Quick Diagnostic Commands
# What is unhealthy?
kubectl get pods --all-namespaces | grep -v Running
kubectl get events --sort-by='.lastTimestamp' -A
# Why is this pod unhealthy?
kubectl describe pod <pod-name>
kubectl logs <pod-name> --previous
Common Issues Quick Reference
| Issue | Symptom | First Command | Likely Cause |
|---|---|---|---|
| ImagePullBackOff | Pod stuck pulling image | kubectl describe pod <name> |
Wrong image name, missing credentials |
| CrashLoopBackOff | Pod keeps restarting | kubectl logs <pod> --previous |
App crash, OOM, bad config |
| Pending | Pod not scheduling | kubectl describe pod <name> |
Insufficient resources, no matching nodes |
| OOMKilled | Container killed | kubectl describe pod <name> |
Memory limit too low |
ImagePullBackOff
The image cannot be pulled. Check:
- Is the image name correct?
- Does the registry require authentication?

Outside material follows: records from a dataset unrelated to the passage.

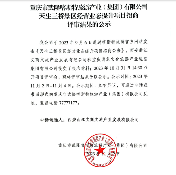 重庆市武隆喀斯特澳网官方网站产业(集团)有限公司 天生三桥景区经营业态提升项目招商评审结果的公示
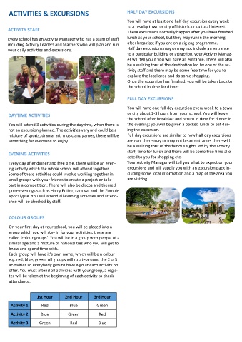 mixture of sports, drama, art, music and games, there will be Full day excursions are similar to how half day excursions
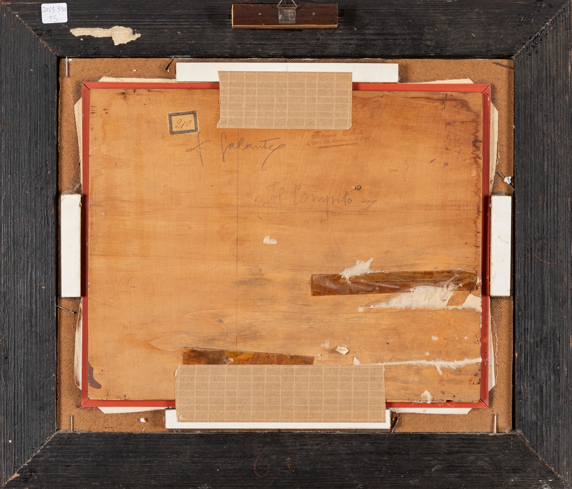 al retro, sul compensato, firmato e titolato; timbro del pittore e antica etichetta di inventario con numero 210
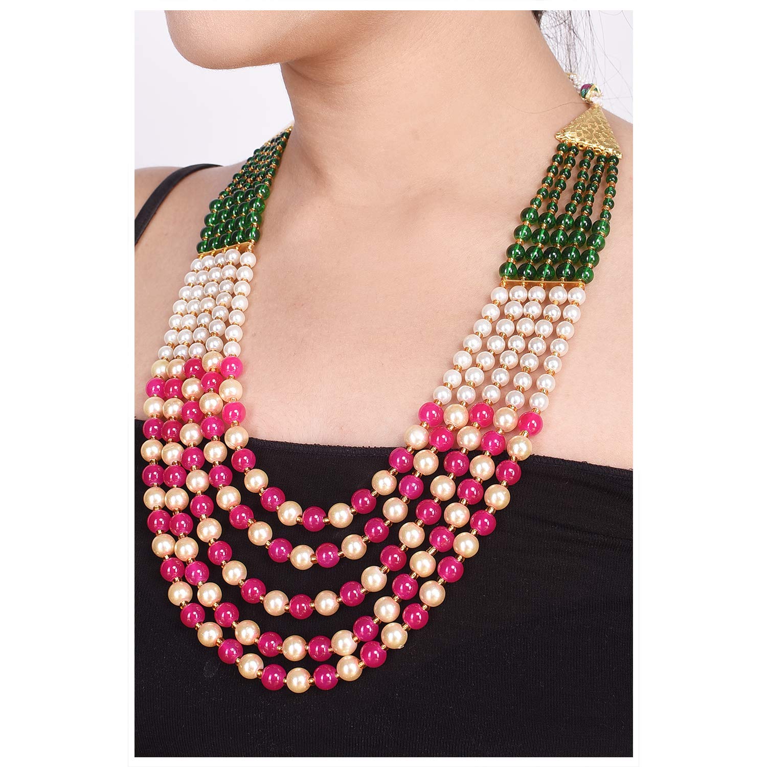 - The Necklace is made of Green White Pink Pearl Stones with supreme lusture and shine

# Create registry credentials
kubectl create secret docker-registry regcred \
--docker-server=<registry> \
--docker-username=<user> \
--docker-password=<pass>
CrashLoopBackOff
The container starts but crashes. Debug with:
kubectl logs <pod-name> --previous
kubectl describe pod <pod-name>
Common fixes:
- Increase memory limits if OOMKilled
- Extend
initialDelaySecondson probes if app needs time to start - Check environment variables and config
Pending Pods
Pod cannot be scheduled. Check events in:
kubectl describe pod <pod-name>
Common causes:
- Insufficient resources: Scale down other workloads or add nodes
- Node selector/affinity: No matching nodes exist
- PVC pending: Storage class or capacity issue
Service Not Reachable
Debug network issues:
# Check if service has endpoints
kubectl get endpoints <service-name>
# Test from inside cluster
kubectl run debug --rm -it --image=busybox -- wget -O- <service>:<port>
If endpoints are empty, the service selector does not match any pod labels.
Certification Path
If you want to validate your Kubernetes skills, consider these certifications:
| Certification | Focus | Prerequisites |
|---|---|---|
| CKA | Cluster administration, troubleshooting | None |
| CKAD | Application development, configuration | None |
| CKS | Security hardening, runtime security | CKA required |
All exams are hands-on, performance-based tests where you solve real Kubernetes problems in a live environment.
Summary
This guide covered the operational aspects of running Kubernetes:
- kubectl: Your primary tool for cluster interaction
- Helm: Package management for complex applications
- Patterns: Proven approaches like sidecars and init containers
- Troubleshooting: Systematic debugging of common issues
- Best Practices: Production-ready configurations
The key to Kubernetes mastery is practice. Start with simple deployments, gradually add complexity, and always follow the principle of declarative configuration: describe what you want, and let Kubernetes make it happen.